The response by one Twitter follower was along the lines of, "That's why
the mining equipment will be built on the moon from local materials".


At that point, "I couldn't even". I mean WTF?


There is quite a lot of "exercise for the student" type problems here.
There is a lot of work & study needed about lunar industrialization for
sure including mining.

One factor that may get some consideration down the road is the idea of
what I'd call incremental industrial "densification". The idea being
that lightweight gear is first sent up
that has limited capacity for manufacture of the "heavy gear". Heavy
feed stock ( steel, etc) would then be sent
up subsequently for lunar manufacture. Enabling a heavy mfg. capability
via bootstrapping. At this point my conjecture
is pretty much a total hand wave, but I could at least see it as a
possibility. Would need some math to determine if
this would be preferable to just shipping up the heavy equipment
directly. I suppose if the scale is massive enough
the bootstrap approach might be the only really feasible one. Further
study needed....

But no, we'll do it all with SLS. Why waste money on studies?

Dave


Composite Tank Studies

http://www.compositesworld.com/artic...-scores-firsts

Aerospike Engine Studies

https://www.youtube.com/watch?v=-0Y0FS8Z1Qk

If the studies are a pre-amble to doing a thing! They're essential to develop efficient tooling and procedures.

Electron facts:
• Lift off mass: 12,550kg
• Propellant mass: 11,300kg
• Propellants: Liquid oxygen and kerosene
• Length: 17m
• Diameter: 1.2m
• Top speed: 27,500kph
• First stage engines thrust (s.l./vac) : 153.5 / 184.6 kN (9 engines)
• Second stage engine thrust (vac) : 22.2 kN
• Nominal orbit: 500km circular sun synchronous
• Isp 353 sec
• Ve 3.46 km/sec.

12,396.69 kg Take Off Weight

9,959.04 kg propellant - First Stage
7,161,56 kg LOX
2,787.48 kg Kerosene

1,074.01 kg - Stage 1 Structure Weight

1,363.63 kg Total Stage 2 Weight

1,095.49 kg Propellant Weight
787.77 kg - LOX
307.72 kg - Kerosene

118.14 kg - Stage 2 Structure

150.00 kg - Payload

Using two First Stage Boosters as Liquid Strap-On Boosters, increases payload to 645 kg to the same orbits as the single unit.

Using four First Stage Boosters as Liquid Strap-On Boosters, increases payload to 1,625 kg to the same orbits as the previous launchers.

* * *

Increasing from 1.2 m diameter system to a 5.5 m diameter system and from 17 m length to 77.92 m length, increases launch weight from 12,400 kg to 1,194,000 kg and payload weight from 150 kg to 14,440 kg.

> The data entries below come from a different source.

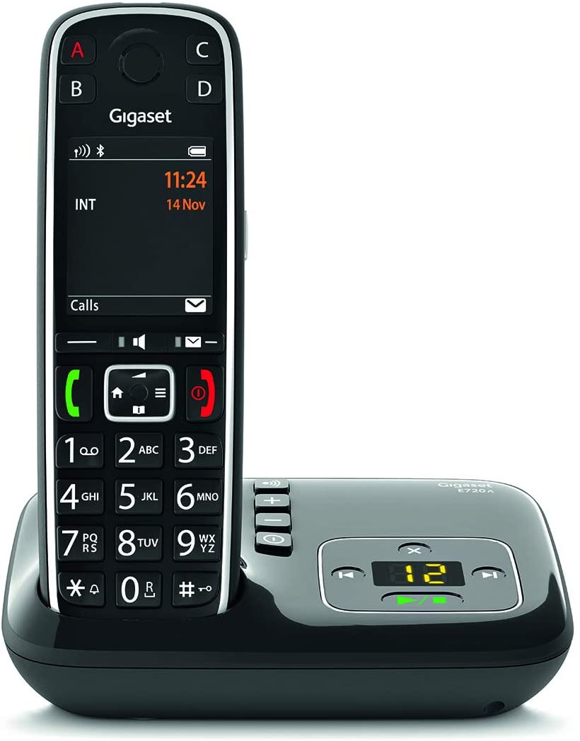 Bien plus qu'une simple liste noire : avec le téléphone sans fil Gigaset E720, vous pouvez choisir de mettre en place un éclairage vert de l'écran pour signaler les appels de contacts du répertoire. Vous pourrez reconnaitre ces appels en un coup d'œil. Tout ce que vous avez à faire est d'enregistrer les contacts dans le répertoire et activer la fonction "Appelant validé" dans le menu principal.Vous pouvez également choisir une protection contre les appels indésirables plus élevée en activant la fonction "Amis proches" avec laquelle seuls les appels provenant des contacts du répertoire seront acceptés.Parmi les caractéristiques spéciales de la gamme E720, vous retrouverez la fonction "supervision des appels" : lors d’un appel entrant, tout appelant répertorié dans la liste blanche (15 numéros) pourra, après authentification via un code PIN, écouter ce qui se passe dans la pièce au travers du combiné.Optez pour plus de liberté quand vous recevez un appel : ce téléphone vous permet de répondre directement aux appels via vos aides auditives. En effet, grâce au Bluetooth 4.2, le téléphone sans fil Gigaset E720 se connecte facilement aux aides auditives modernes. Cela rend vos appels reçus et émis encore plus agréables : vous pouvez garder les mains libres et apprécier le son parfaitement limpide du téléphone.Le téléphone Gigaset E720 est compatible avec les aides auditives Phonak et Unitron, et potentiellement avec les autres marques dont les dispositifs sont compatibles avec le Bluetooth 4.2 HSP et HFP.Dans certaines situations, le son n'est pas assez fort. Vous avez déjà la possibilité de choisir entre 5 niveaux de volume sonore. Mais si ce n'est pas suffisant, vous pouvez simplement doubler le volume en appuyant sur la touche Boost sur la droite du combiné - cela ne prend en compte le changement de volume que pour l'appel en cours afin d'éviter de surprendre la personne qui utilisera le téléphone après vous. Comme c'est le cas pour de nombreux téléphones Gigaset, le E720 propose deux profils acoustiques qui permettent d'améliorer les fréquences trop hautes ou trop basses en fonction de vos propres capacités auditives.Le téléphone Gigaset E720 dédié aux seniors propose un grand écran couleur avec contraste accru contenant une fonction zoom pour un affichage avec des grands caractères. Par exemple, un contact sélectionné dans le répertoire sera automatiquement affiché en grand et surligné en orange. Si le nom du contact est trop long pour l'écran, il défilera vers la gauche pour que vous puissiez le voir entièrement. Les numéros entrés lorsque vous composez sont également surlignés en orange et affichés en format extra large. Et si la pièce dans laquelle vous vous trouvez manque de lumière ? La luminosité de l'écran permet une parfaite lisibilité.Vous pouvez facilement relier les numéros importants aux 4 touches d'appel direct et les appeler directement en appuyant simplement sur la touche correspondant au numéro que vous souhaitez appeler. Une fonction SOS pour les cas d'urgence peut également être reliée à la touche A. Vous pouvez ainsi appeler à l'aide en appuyant simplement sur la touche A, qui peut être reliée à 4 numéros maximum pour appeler les contacts importants comme des proches ou des voisins.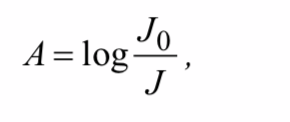base-10 logarithm of the ratio of the perpendicularly incident (J0) and perpendicularly transmitted (J ) light intensity ( log (J0 / J ) ). The three different names are used for the same physical quantity.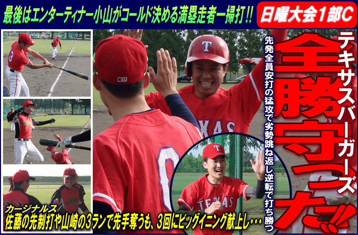 | テキサスバーガーズ(武蔵野市) | 13 | × | 6 | カージナルス(さいたま市) | ||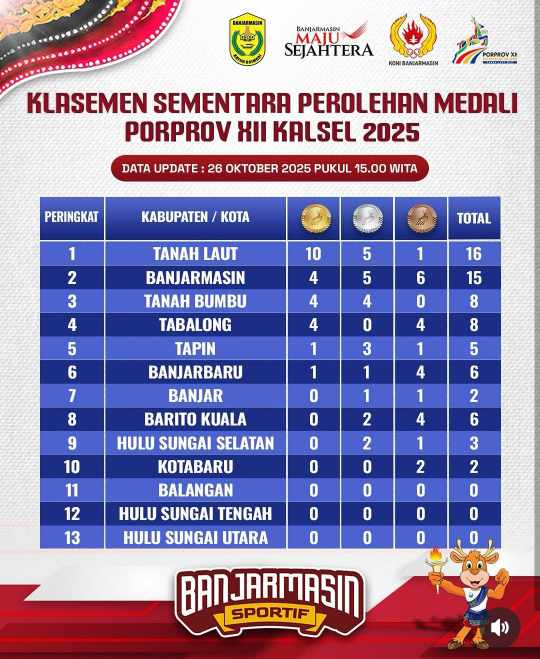 KBK.NEWS PLEIHARI – Tim tuan rumah Kabupaten Tanah Laut (Tala) memimpin perolehan medali sementara di ajang Porprov Kalsel XII dengan 10 medali emas, 4 perak, dan 2 perunggu, Minggu (26/10/2025).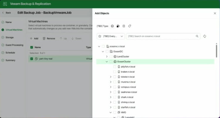 Or for example when creating a backup job, the view where we can select the source from different types, including filters, search bar, etc.: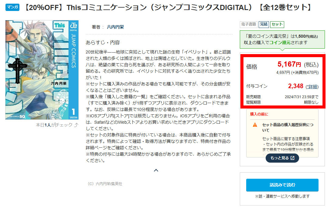 今なら全巻セットが20%オフ&50%コイン還元で、実質の価格が3000円切ってるというすごいお得なタイミング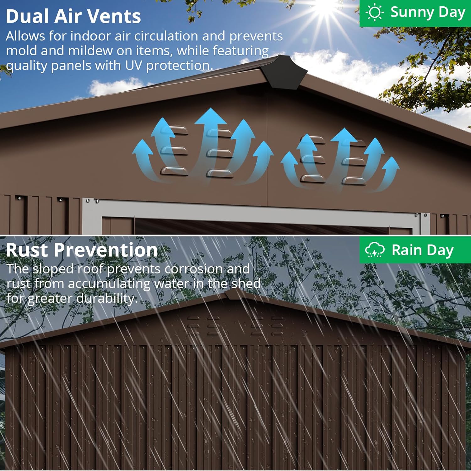 - Durable & Sturdy Construction: Constructed from thicker galvanized steel with a robust frame, this metal storage shed boasts advanced corrosion resistance and durability, providing protection against wind, rain, and UV rays in all weather conditions.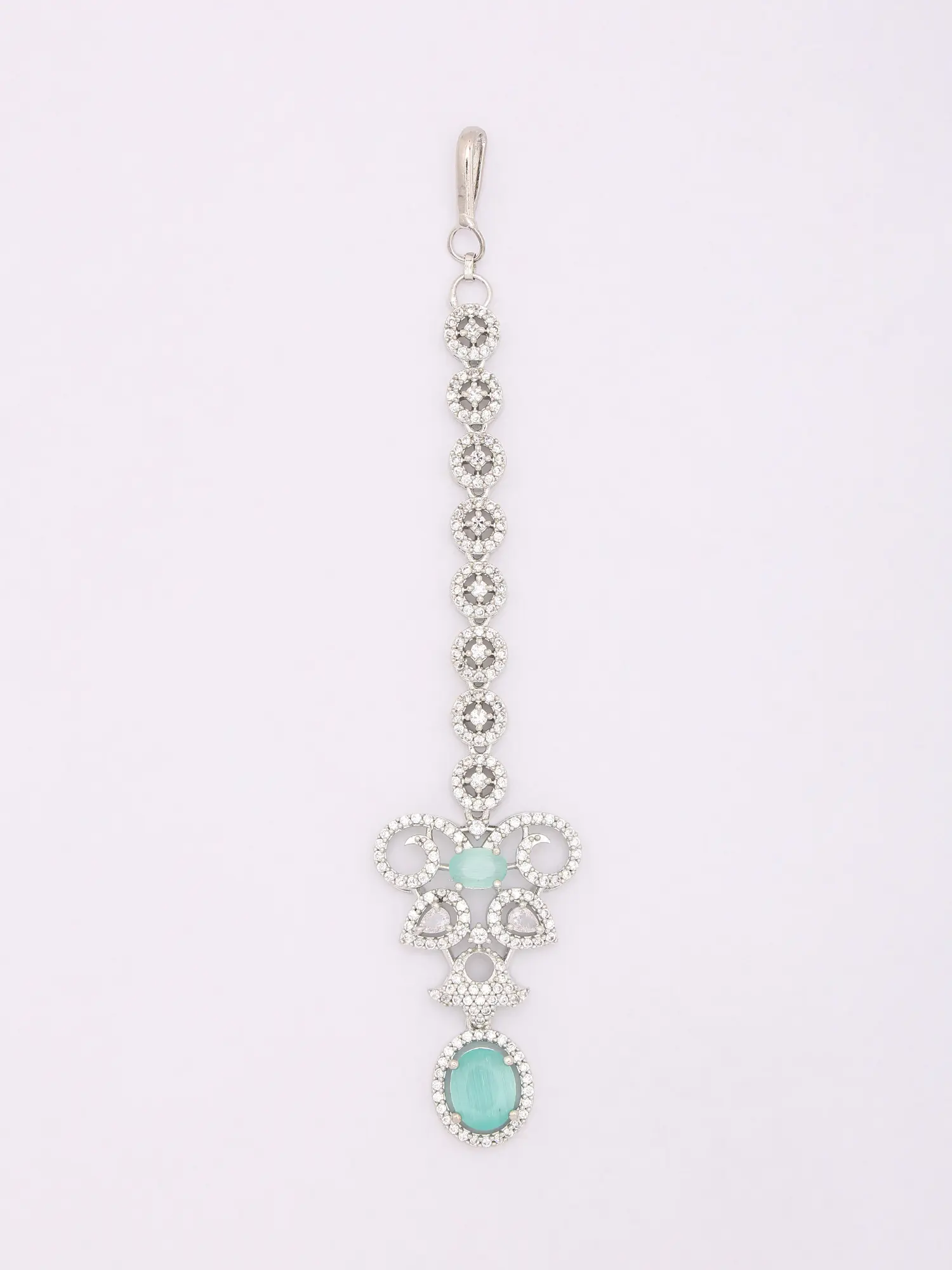 American-Diamond Stone Studded Necklace Set with Maang Tikka

1,193,576.39 kg Take Off Weight
958,874.91 kg Propellant Weight
689,528.02 kg - LOX
269,346.88 kg - Kerosene
103,408.08 kg - Structure Stage 1

131,292.40 kg - Stage Two Total Weight
105,476.24 kg - Propellant Weight
75,848.08 kg - LOX
29,628.16 kg - Kerosene
11,375.89 kg - Structure Stage 2

14,442.27 kg - Payload

A three element common core booster of this size using these propellants lifts 62,100 kg into LEO.

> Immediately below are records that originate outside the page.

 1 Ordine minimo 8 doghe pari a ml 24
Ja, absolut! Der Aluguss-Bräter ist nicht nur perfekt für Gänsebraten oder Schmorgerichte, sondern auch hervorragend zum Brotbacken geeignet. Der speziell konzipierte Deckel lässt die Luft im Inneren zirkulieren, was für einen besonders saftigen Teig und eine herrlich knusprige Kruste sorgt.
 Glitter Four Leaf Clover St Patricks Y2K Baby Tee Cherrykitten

A seven element common core booster of this size using these propellants lifts 156,450 kg into LEO.

A cost of $2,000 per kg for structure translates to $2.4 million for each of the smaller vehicles. Another $1.1 million to run each campaign, $3.5 million total out of pocket costs. Insurance and other costs add to this.

The larger vehicle costs $187 million to build, and $3.0 million to run each campaign.

* * *

Reusable systems, similar to SpaceX approach, using inflatable wings and tow planes, rather than floating launch platforms, to bring parts and pieces back to the launch center, and allowing them to land vertically like the tail sitter aircraft of the 1950s.

Highly reusable with 1,900 uses per airframe, a CAPEX of $100,000 per flight for the larger vehicle, $1,260 per flight for the smaller vehicle. Fast turn around with 100 flights per year, a 19 year life span for the vehicle. Total costs run $1.5 million for 150 kg - $10,000/kg and $3.1 million for 14,400 kg - $215/kg

The larger clustered vehicles are $3.3 million and $3.7 million respectively. This reduces cost to $53/kg and $24/kg respectively.

For the smaller clusterd vehicles prices are $2,500 per kg and 1,120 per kg respectively.

156.45 tonnes at 22 MW per tonne launches a power satellite capable of producing 3.44 GW continuously on orbit.